▶ **Dataset extract**:
○ ○ ○
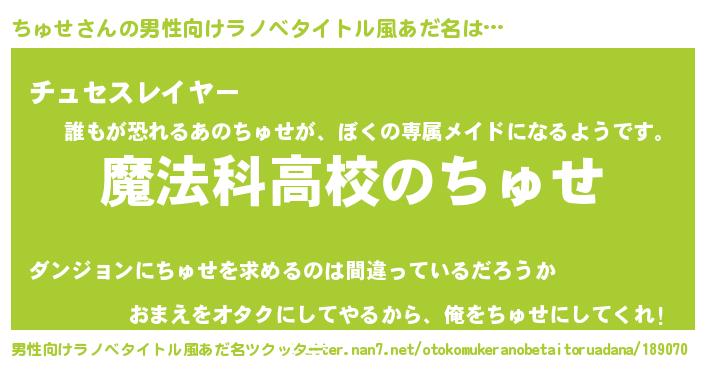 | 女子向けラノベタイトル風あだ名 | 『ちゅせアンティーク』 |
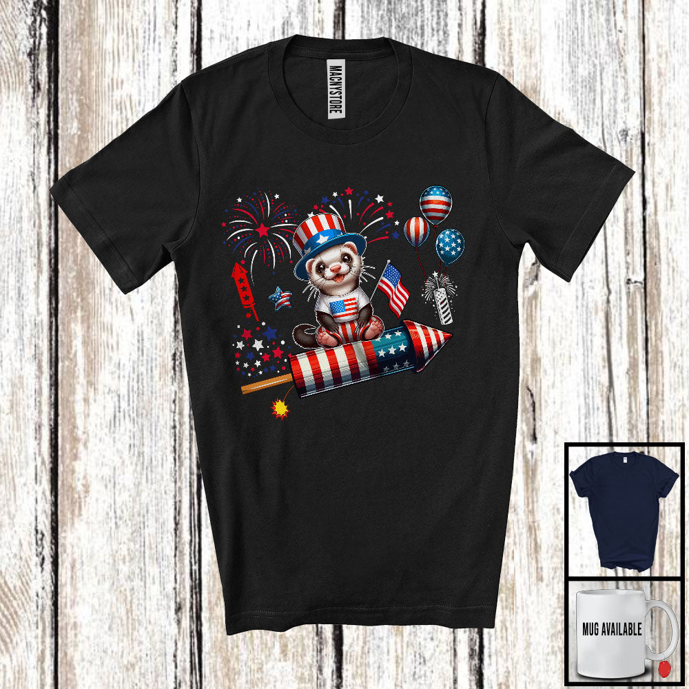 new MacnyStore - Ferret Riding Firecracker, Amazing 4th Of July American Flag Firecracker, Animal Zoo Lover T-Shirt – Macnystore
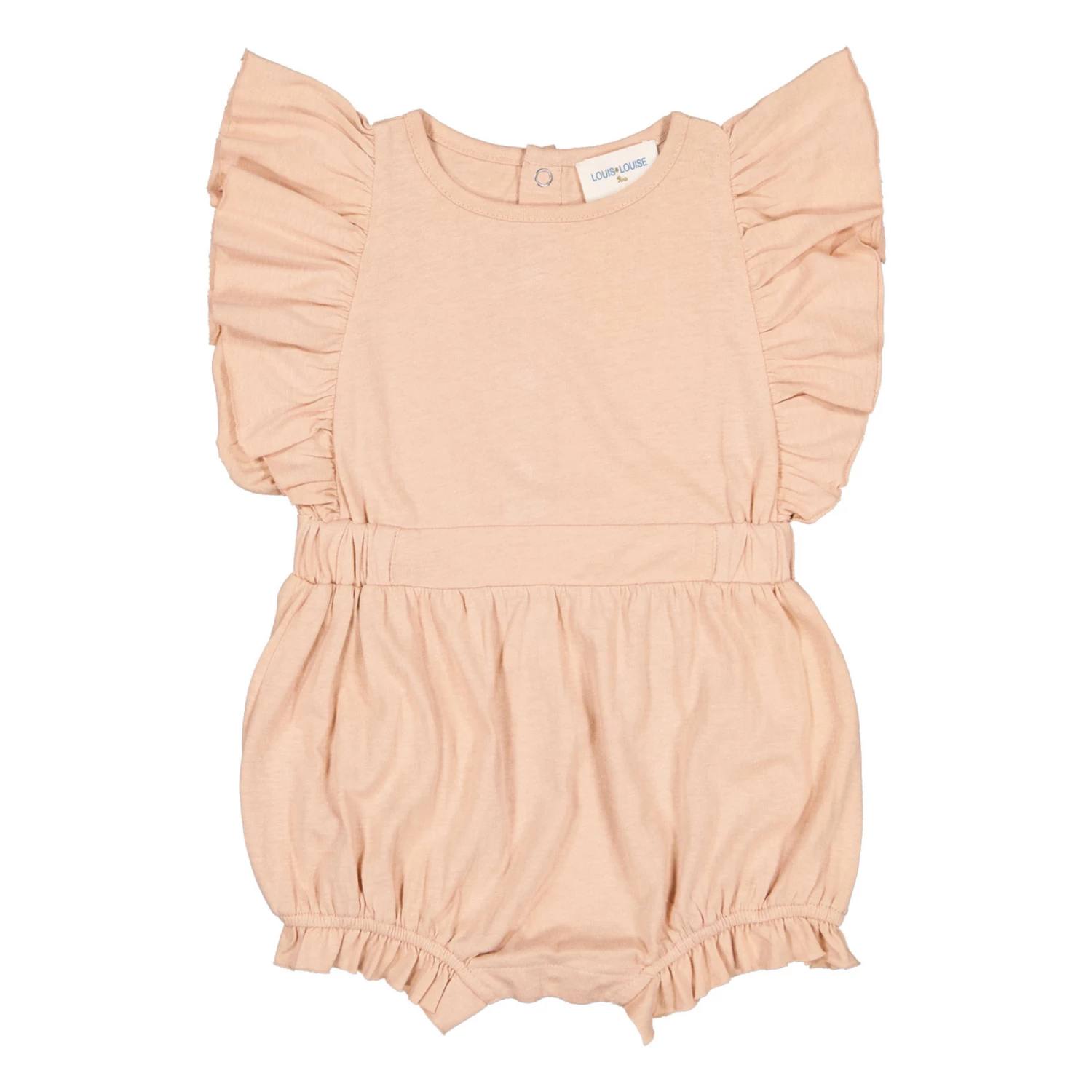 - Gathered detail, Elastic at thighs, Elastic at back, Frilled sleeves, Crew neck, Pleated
○ ○ ○
▶ **Work request**:
Each line above is to be duplicated exactly, and the pictures are to be omitted.

▶ **Task response**:
 | 女子向けラノベタイトル風あだ名 | 『ちゅせアンティーク』 |
 new MacnyStore - Ferret Riding Firecracker, Amazing 4th Of July American Flag Firecracker, Animal Zoo Lover T-Shirt – Macnystore
 - Gathered detail, Elastic at thighs, Elastic at back, Frilled sleeves, Crew neck, Pleated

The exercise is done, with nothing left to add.